- **Prompt**:
Your job is to set down the stretch of entries that opens with the line containing "위상차 현미경은 충치와" and closes with the line containing "지방세 고지서 받는 방법". Keep both end lines, copy each exactly, and add nothing.

- **Recorded information**:
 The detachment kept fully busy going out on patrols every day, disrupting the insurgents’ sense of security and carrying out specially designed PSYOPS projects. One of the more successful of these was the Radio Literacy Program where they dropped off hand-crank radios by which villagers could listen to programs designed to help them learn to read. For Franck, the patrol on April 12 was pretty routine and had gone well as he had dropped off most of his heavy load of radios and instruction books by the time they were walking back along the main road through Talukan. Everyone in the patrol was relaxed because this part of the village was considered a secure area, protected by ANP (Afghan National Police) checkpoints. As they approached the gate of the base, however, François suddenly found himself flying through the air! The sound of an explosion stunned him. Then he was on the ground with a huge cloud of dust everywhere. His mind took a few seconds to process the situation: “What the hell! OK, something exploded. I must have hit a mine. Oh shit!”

---

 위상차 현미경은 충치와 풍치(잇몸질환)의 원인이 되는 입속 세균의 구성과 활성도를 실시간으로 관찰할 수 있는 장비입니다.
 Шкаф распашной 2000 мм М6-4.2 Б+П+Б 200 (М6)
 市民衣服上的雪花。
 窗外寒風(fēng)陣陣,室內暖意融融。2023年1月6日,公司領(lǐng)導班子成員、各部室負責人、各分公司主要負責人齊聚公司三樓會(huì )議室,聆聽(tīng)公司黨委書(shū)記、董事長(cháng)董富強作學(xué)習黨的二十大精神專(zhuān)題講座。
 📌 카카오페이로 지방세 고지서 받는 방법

- **Result for this exercise**:
 위상차 현미경은 충치와 풍치(잇몸질환)의 원인이 되는 입속 세균의 구성과 활성도를 실시간으로 관찰할 수 있는 장비입니다.
 Шкаф распашной 2000 мм М6-4.2 Б+П+Б 200 (М6)
 市民衣服上的雪花。
 窗外寒風(fēng)陣陣,室內暖意融融。2023年1月6日,公司領(lǐng)導班子成員、各部室負責人、各分公司主要負責人齊聚公司三樓會(huì )議室,聆聽(tīng)公司黨委書(shū)記、董事長(cháng)董富強作學(xué)習黨的二十大精神專(zhuān)題講座。
 📌 카카오페이로 지방세 고지서 받는 방법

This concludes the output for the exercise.